(What to do): The response should repeat word for word every line below from the one with "ってきたので、ネコさんは波で濡れ" to the one with "在一个法制欠缺的国家,生活在", inclusive, and nothing else; leave pictures out.

(Information provided):
※ ※ ※

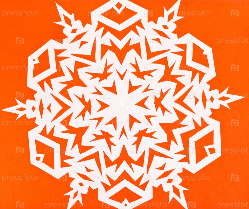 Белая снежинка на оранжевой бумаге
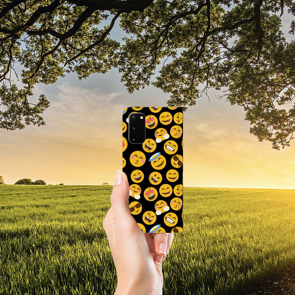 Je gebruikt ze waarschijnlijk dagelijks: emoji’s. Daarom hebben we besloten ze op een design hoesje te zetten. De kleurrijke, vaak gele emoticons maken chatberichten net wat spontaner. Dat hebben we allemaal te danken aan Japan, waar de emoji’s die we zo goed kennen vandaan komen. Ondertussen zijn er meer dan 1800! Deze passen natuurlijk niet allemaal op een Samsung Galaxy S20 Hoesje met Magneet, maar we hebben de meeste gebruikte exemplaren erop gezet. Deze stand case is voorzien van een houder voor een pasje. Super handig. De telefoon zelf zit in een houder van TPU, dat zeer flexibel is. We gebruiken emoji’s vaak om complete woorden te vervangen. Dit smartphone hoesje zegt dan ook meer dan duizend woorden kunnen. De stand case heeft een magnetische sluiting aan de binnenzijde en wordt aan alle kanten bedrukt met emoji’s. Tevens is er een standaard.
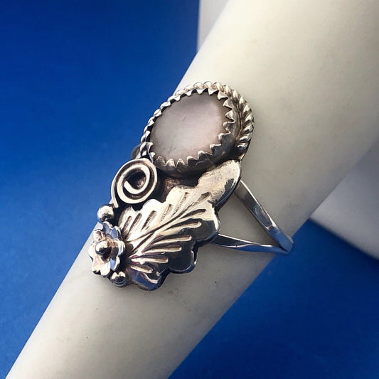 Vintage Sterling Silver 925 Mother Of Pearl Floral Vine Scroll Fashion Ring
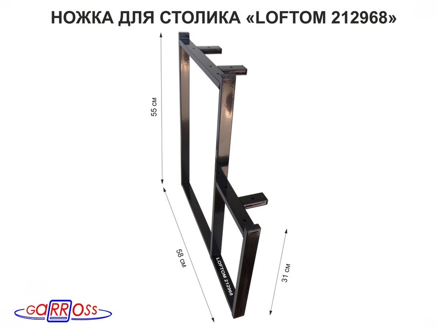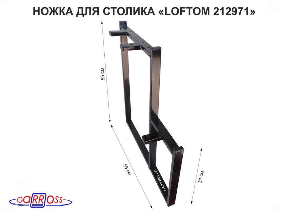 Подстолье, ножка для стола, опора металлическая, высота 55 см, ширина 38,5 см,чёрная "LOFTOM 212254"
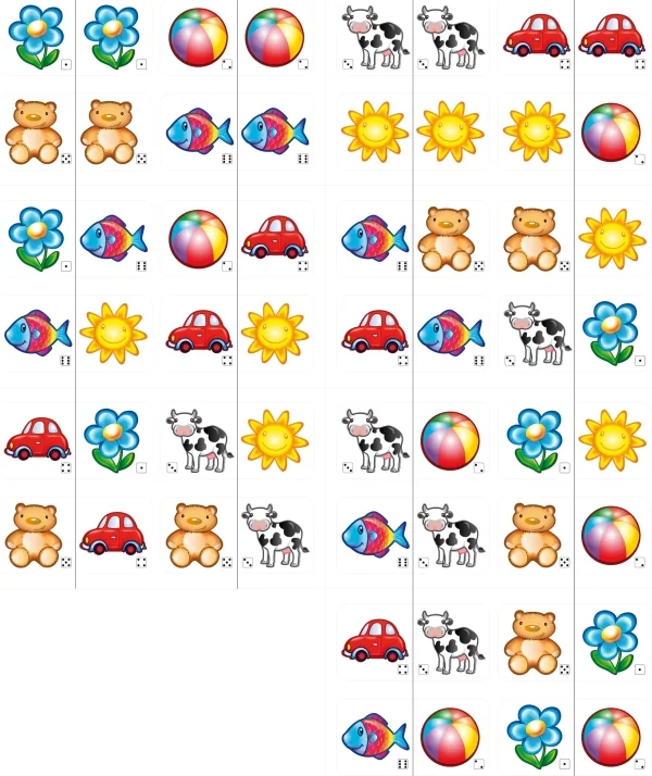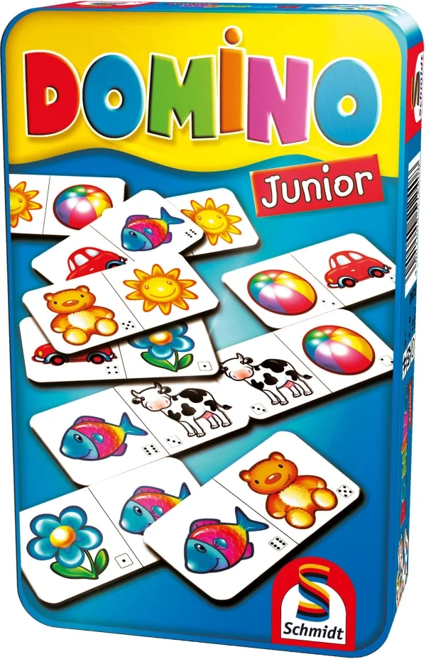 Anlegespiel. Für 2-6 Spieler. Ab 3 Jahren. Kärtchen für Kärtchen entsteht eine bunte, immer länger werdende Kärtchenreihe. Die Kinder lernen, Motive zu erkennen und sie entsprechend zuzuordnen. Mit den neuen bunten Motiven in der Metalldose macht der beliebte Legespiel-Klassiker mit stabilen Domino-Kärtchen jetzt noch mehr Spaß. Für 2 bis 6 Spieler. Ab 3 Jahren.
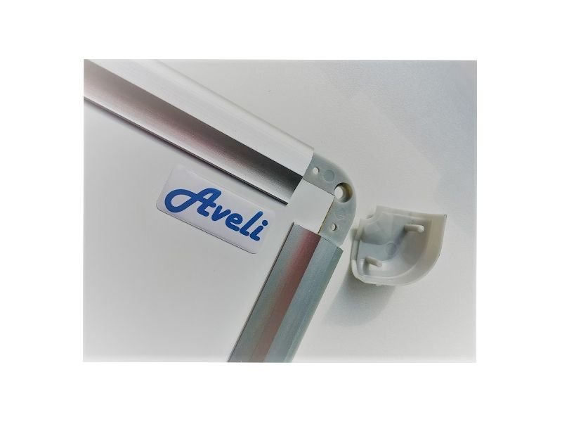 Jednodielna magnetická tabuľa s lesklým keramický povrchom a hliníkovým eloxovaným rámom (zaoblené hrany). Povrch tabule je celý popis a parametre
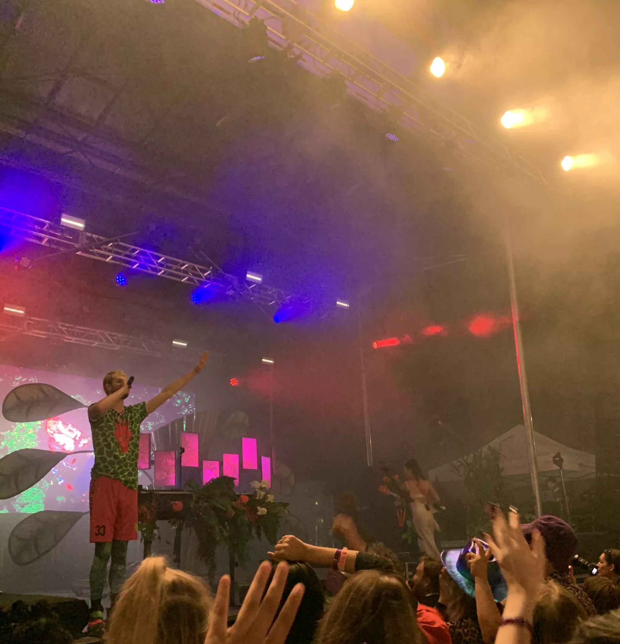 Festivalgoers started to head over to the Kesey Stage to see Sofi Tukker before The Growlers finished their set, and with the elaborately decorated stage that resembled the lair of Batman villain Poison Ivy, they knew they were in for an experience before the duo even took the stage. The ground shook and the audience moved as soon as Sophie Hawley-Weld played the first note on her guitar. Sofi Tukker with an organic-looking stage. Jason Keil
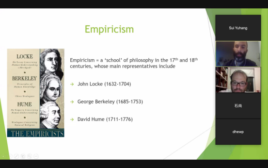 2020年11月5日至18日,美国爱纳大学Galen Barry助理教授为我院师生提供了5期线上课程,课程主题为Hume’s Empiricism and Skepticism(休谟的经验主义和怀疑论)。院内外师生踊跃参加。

※ ※ ※

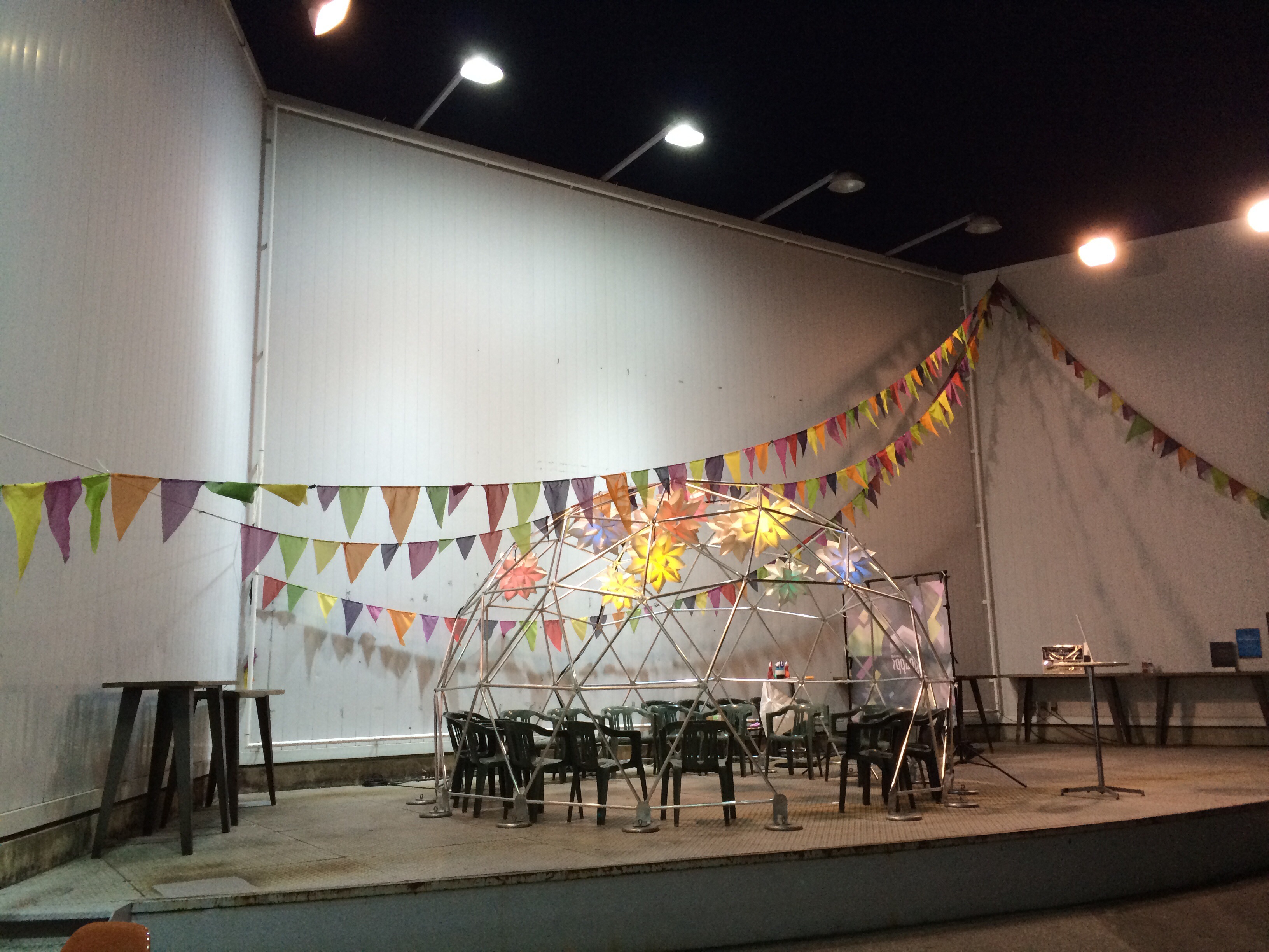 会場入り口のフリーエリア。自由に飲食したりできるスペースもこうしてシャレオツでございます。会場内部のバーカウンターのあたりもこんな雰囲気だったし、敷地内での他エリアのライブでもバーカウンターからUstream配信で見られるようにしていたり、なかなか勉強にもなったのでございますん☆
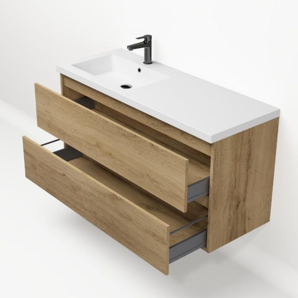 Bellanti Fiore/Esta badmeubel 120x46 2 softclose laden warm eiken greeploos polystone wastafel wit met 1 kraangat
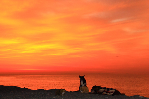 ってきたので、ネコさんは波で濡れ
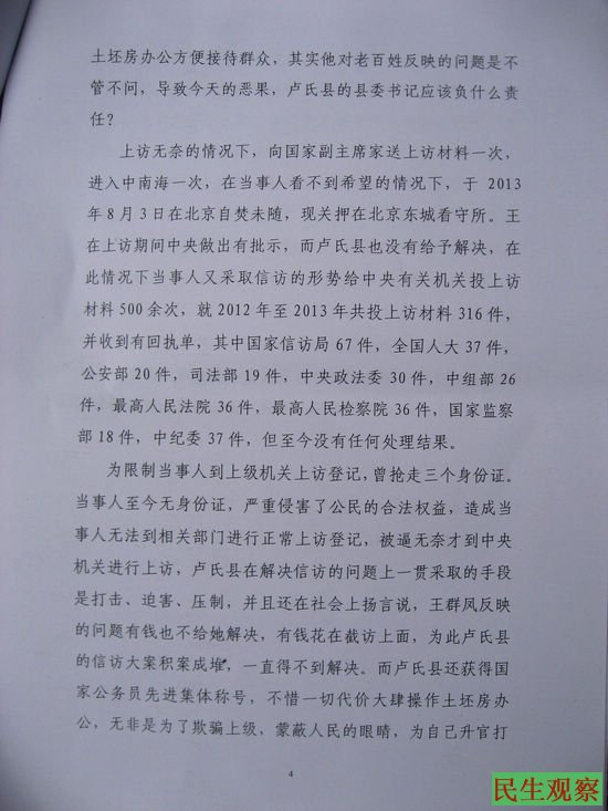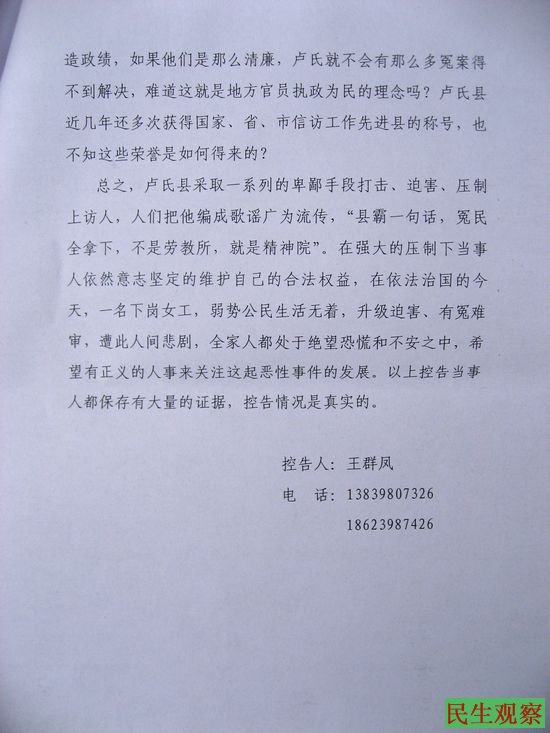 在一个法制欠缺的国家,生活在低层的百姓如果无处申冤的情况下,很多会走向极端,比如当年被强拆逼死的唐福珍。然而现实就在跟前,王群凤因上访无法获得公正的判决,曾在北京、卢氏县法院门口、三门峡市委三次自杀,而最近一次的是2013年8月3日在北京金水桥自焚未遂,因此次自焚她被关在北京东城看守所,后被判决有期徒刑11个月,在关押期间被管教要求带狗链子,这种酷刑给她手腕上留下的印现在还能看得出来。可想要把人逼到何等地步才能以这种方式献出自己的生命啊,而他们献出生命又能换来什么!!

※ ※ ※

(Result):
 ってきたので、ネコさんは波で濡れ
 在一个法制欠缺的国家,生活在低层的百姓如果无处申冤的情况下,很多会走向极端,比如当年被强拆逼死的唐福珍。然而现实就在跟前,王群凤因上访无法获得公正的判决,曾在北京、卢氏县法院门口、三门峡市委三次自杀,而最近一次的是2013年8月3日在北京金水桥自焚未遂,因此次自焚她被关在北京东城看守所,后被判决有期徒刑11个月,在关押期间被管教要求带狗链子,这种酷刑给她手腕上留下的印现在还能看得出来。可想要把人逼到何等地步才能以这种方式献出自己的生命啊,而他们献出生命又能换来什么!!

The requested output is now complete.